The life we live is not enough of a subject for the serious artist; it must be a life with a leaning, a life with a tendency to shape itself only in certain forms.
In
The Shadow
, also known as
The Detective
, the French photographer and conceptual artist Sophie Calle arranges for her mother to hire a detective, who follows Calle and documents her movements; the detective doesn’t know that Calle is aware of him. In
Venetian Suite
, Calle meets a man at a party and decides to follow him to Venice, where she stalks him throughout the city, taking photographs and chronicling his movements. At the end of the experiment, she confronts the man.
The Hotel:
she takes a job as a chambermaid. Before she cleans each room, she photographs and documents what each visitor has brought and in what state he or she has left the room, drawing conclusions about each person.
Dominique V
is Calle’s investigation into the disappearance of a woman who told Calle she wanted to be just like her. There has been a fire in the woman’s apartment, and she has disappeared. Calle photographs the scene and compares it to the charred portraits and photos the woman took before she had vanished. In
Journey to California
, a man writes Calle a fan letter, saying he’s heartbroken and wants nothing more than to sleep in Calle’s bed. She ships her bed to him in California. The two keep in contact over the next six months. The bed is returned. The work documents the journey the bed took.
The Sleepers:
Calle invites twenty-eight random strangers to take turns sleeping in her bed.

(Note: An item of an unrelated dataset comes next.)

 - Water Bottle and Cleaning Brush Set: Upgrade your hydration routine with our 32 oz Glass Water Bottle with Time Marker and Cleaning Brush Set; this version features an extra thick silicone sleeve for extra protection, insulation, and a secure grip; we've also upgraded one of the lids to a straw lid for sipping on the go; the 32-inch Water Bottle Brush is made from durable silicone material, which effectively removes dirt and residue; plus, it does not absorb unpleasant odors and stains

She interviews and photographs them, displaying the results in an exhibit.
Double Game:
Paul Auster, who based a fictional character on Calle, assists the artist in her attempt to imitate the life of Auster’s fictional character. Calle documents each step of the crossing and recrossing of the border between fiction and reality.
The Stripper:
Calle takes a job as a stripper. A friend photographs her, the crowd, and the milieu. In
The Blind
, Calle asks several blind people to define what they think
beauty is. She posts each of their responses next to a photo of each subject.
The Address Book
(much my favorite): Calle finds an address book. Before returning it to the owner, she photographs its pages, then calls everyone in the book. She asks each of them to describe the owner of the book, his habits, qualities, idiosyncrasies, creating a portrait of the man via these interviews. The man is upset when he discovers what she has done.
No Sex Last Night
is her video of a trip she takes across the United States with a man. The relationship between the two is nearly over. They marry in Las Vegas, but the marriage lasts only until the end of the journey. In
Take Care of Yourself
, one hundred seven women interpret a breakup email Calle received on the last day of a love affair. In
Last Seen
and
Ghosts
, Calle asks people to describe pictures that had been removed or stolen from a museum, then she places the museumgoers’ responses in the empty spaces.

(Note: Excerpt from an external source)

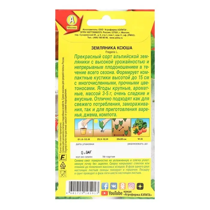 Семена Земляника "Ксюша" альпийская , 0,04 г

Public Places, Private Spaces:
she travels to Jerusalem, where she asks both Israelis and Palestinians to share a public place with her that they consider sacred. Her audience isn’t sure if the transformation is supposed to occur within the artwork or themselves. Calle: “These projects are a way for me to have emotions which I can control because I can decide in a way when it’s going to stop, whereas in normal life I can’t control my emotions as easily. I was always curious. I could watch people sleep even when their wives didn’t, because it was art. Now it’s a way of life. I no longer ask myself what I’m doing, but I’m not obsessed with whether it really is art. For me, it’s a game; it’s the critics’ decision to call it art.”